### PROBLEM STATEMENT
Although pictures appear in the data, the answer should contain only the lines from its start through the line with "Ces guitares avec", written out exactly.

= Beginning of Section =

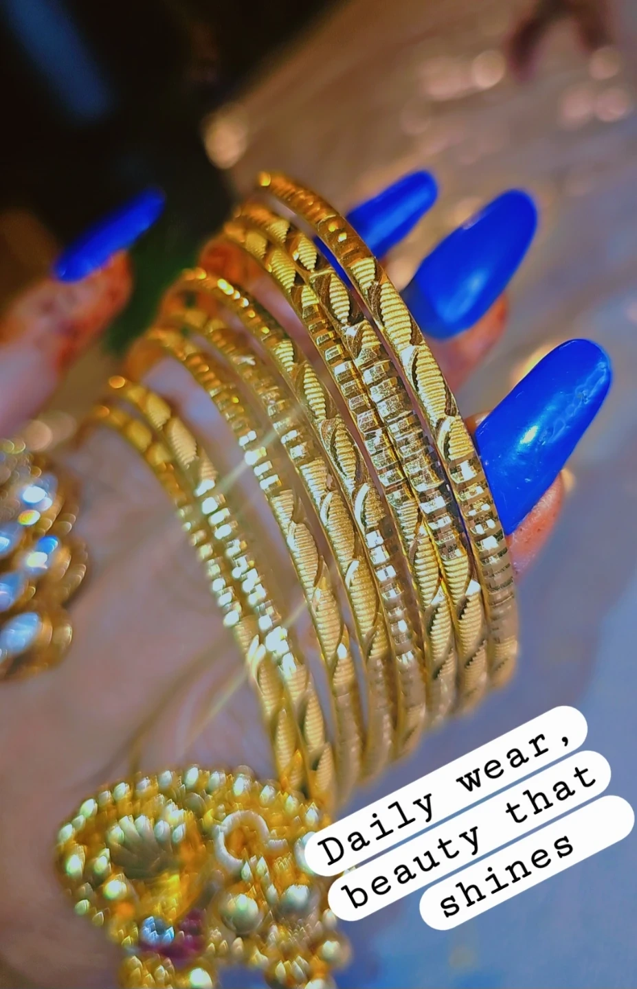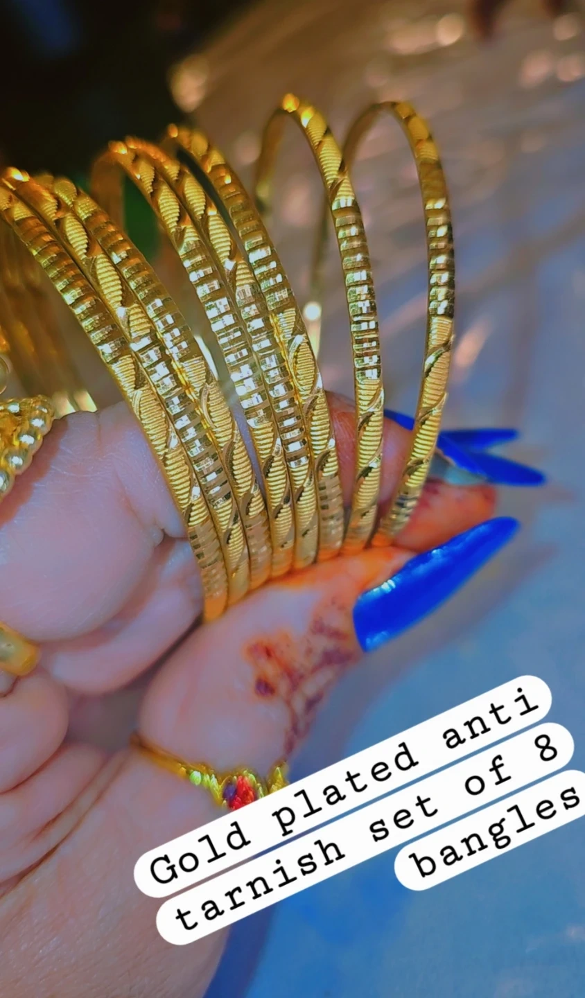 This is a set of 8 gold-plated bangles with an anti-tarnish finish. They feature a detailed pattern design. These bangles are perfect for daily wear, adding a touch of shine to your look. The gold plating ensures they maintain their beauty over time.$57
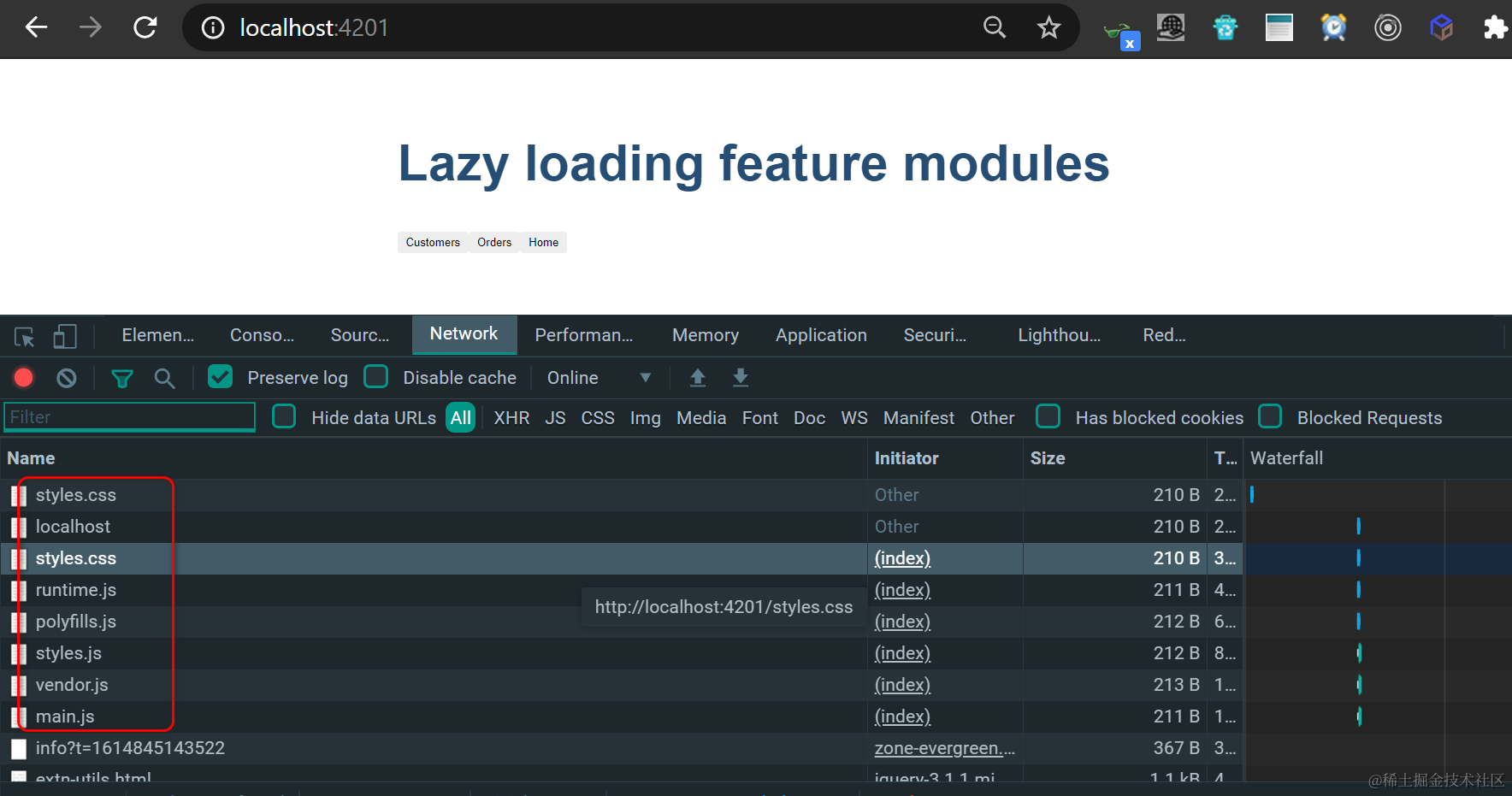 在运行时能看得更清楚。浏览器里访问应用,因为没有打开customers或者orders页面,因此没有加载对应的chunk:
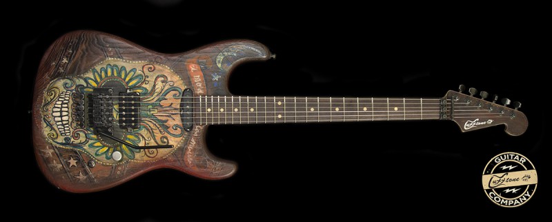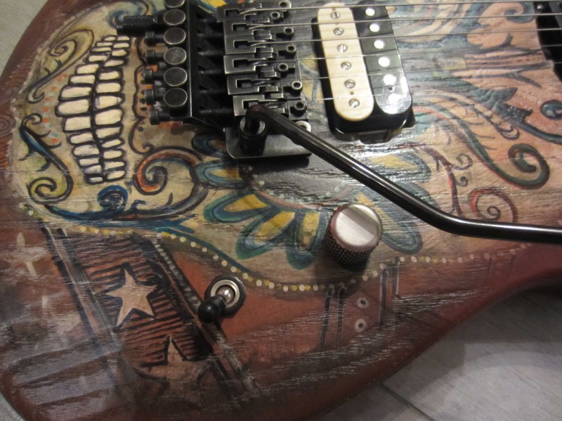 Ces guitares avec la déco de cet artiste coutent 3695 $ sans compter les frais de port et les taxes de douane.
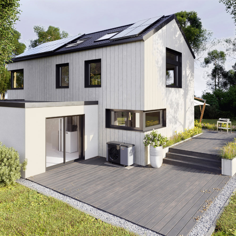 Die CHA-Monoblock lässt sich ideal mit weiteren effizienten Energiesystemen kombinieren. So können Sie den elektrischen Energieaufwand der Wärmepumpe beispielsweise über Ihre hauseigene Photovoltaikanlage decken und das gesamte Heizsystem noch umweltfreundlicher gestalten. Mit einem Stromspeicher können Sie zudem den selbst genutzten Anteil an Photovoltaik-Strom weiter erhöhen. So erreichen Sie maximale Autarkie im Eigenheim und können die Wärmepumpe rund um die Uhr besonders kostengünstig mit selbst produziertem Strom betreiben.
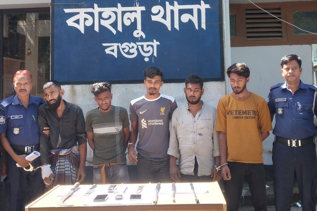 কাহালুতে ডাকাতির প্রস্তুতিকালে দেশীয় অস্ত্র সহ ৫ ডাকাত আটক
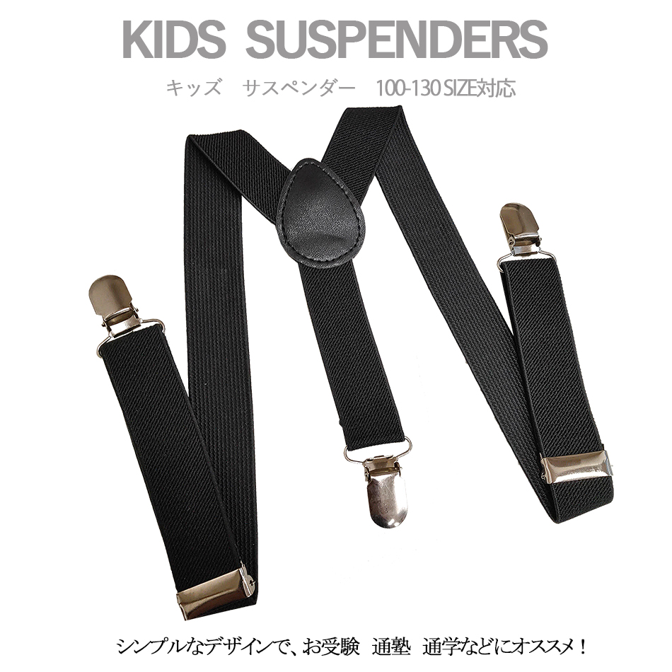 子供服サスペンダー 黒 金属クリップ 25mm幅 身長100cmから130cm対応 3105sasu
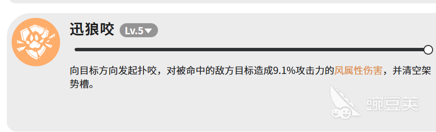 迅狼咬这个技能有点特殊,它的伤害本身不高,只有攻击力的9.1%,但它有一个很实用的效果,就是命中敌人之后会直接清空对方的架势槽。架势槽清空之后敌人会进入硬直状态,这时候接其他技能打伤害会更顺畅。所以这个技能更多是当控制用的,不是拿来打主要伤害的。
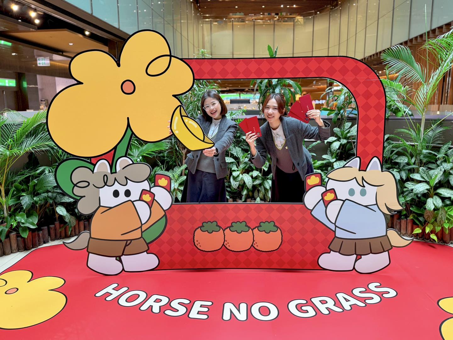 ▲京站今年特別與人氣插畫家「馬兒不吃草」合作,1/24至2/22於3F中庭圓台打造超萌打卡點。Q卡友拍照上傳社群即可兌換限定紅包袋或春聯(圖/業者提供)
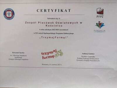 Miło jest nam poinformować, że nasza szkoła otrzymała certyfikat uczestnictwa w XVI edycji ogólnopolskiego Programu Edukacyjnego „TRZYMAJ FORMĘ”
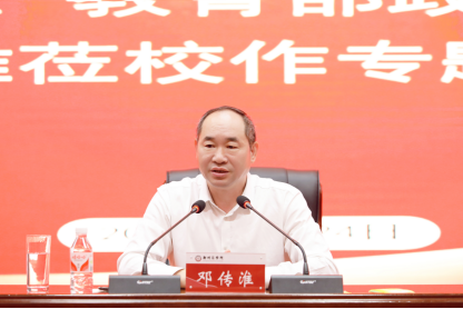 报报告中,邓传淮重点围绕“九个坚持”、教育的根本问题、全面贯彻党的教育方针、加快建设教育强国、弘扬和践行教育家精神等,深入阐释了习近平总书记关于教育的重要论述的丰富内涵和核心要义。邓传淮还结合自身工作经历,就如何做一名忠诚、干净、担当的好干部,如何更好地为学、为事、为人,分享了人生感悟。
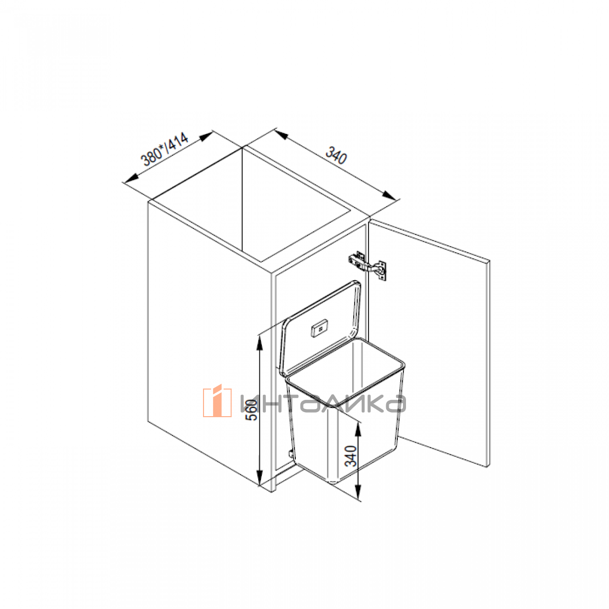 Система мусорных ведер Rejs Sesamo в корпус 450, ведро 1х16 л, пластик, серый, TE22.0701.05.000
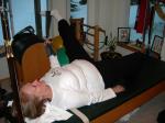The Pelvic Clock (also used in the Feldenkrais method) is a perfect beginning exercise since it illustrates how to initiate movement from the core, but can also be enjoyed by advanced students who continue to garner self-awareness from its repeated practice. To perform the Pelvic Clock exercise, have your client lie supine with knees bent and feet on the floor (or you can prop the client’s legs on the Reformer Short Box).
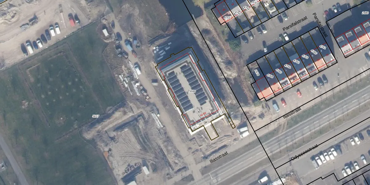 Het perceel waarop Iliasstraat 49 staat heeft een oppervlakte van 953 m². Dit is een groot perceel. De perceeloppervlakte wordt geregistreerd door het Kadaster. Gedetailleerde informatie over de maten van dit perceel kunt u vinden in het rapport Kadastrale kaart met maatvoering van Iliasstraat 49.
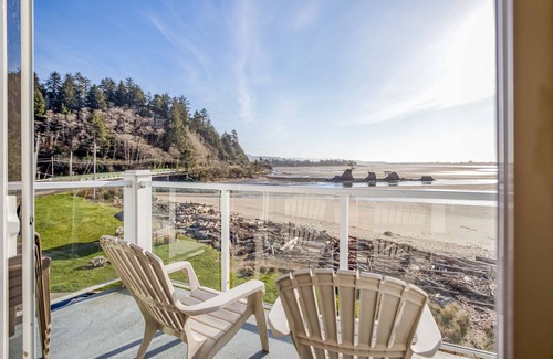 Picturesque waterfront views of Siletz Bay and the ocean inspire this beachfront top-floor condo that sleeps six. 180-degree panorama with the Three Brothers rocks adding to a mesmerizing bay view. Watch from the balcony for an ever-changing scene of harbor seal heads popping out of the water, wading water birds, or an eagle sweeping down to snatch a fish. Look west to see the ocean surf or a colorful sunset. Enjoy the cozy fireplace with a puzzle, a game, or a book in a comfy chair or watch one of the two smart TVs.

= End of Section =

### YOUR RESPONSE
 This is a set of 8 gold-plated bangles with an anti-tarnish finish. They feature a detailed pattern design. These bangles are perfect for daily wear, adding a touch of shine to your look. The gold plating ensures they maintain their beauty over time.$57
 在运行时能看得更清楚。浏览器里访问应用,因为没有打开customers或者orders页面,因此没有加载对应的chunk:
 Ces guitares avec la déco de cet artiste coutent 3695 $ sans compter les frais de port et les taxes de douane.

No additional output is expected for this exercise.